▸ Instructions to follow
Starting with the line containing "Beautiful muslins onion" and going on through the line containing "万盛石林是在距今4.65—6", return the lines of the data below exactly, and only those.

=== Supplied data ===

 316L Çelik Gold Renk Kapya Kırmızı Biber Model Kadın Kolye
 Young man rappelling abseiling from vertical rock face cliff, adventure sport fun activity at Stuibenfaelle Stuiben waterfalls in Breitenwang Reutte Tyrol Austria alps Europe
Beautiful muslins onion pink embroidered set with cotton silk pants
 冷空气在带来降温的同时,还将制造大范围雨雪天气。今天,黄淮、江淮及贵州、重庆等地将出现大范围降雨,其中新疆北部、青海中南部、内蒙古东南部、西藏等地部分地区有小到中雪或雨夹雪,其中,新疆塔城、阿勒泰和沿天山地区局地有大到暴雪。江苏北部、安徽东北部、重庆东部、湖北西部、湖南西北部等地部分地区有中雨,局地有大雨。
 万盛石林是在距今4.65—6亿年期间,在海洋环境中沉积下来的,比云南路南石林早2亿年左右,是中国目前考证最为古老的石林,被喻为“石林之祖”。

===
=== Supplied data ===

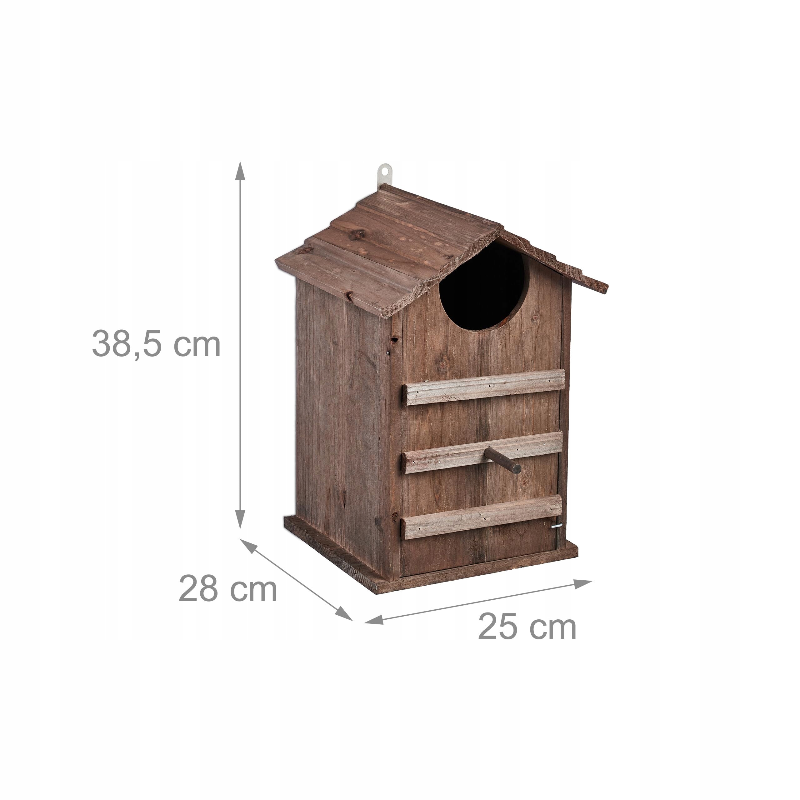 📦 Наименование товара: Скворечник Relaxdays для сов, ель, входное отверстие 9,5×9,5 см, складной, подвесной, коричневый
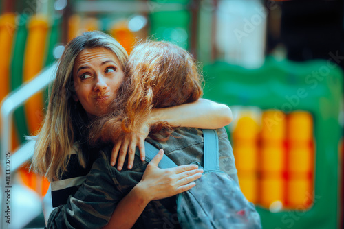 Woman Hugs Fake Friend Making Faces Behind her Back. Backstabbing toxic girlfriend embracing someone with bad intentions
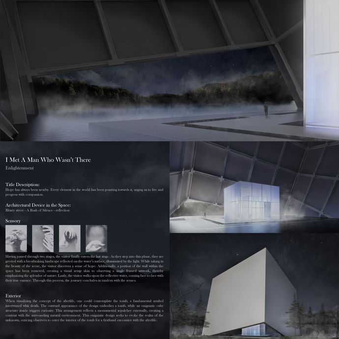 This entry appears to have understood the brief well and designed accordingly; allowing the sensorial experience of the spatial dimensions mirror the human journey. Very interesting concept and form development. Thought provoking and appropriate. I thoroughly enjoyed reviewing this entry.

===
=== Supplied data ===

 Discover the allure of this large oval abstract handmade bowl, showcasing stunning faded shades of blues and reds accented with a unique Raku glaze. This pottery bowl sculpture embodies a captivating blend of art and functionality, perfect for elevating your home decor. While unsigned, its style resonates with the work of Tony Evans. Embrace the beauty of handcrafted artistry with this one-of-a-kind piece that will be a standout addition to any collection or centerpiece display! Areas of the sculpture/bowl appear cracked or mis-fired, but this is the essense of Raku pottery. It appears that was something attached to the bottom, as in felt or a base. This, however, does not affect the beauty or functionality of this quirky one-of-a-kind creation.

===

▸ Response box
Beautiful muslins onion pink embroidered set with cotton silk pants
 冷空气在带来降温的同时,还将制造大范围雨雪天气。今天,黄淮、江淮及贵州、重庆等地将出现大范围降雨,其中新疆北部、青海中南部、内蒙古东南部、西藏等地部分地区有小到中雪或雨夹雪,其中,新疆塔城、阿勒泰和沿天山地区局地有大到暴雪。江苏北部、安徽东北部、重庆东部、湖北西部、湖南西北部等地部分地区有中雨,局地有大雨。
 万盛石林是在距今4.65—6亿年期间,在海洋环境中沉积下来的,比云南路南石林早2亿年左右,是中国目前考证最为古老的石林,被喻为“石林之祖”。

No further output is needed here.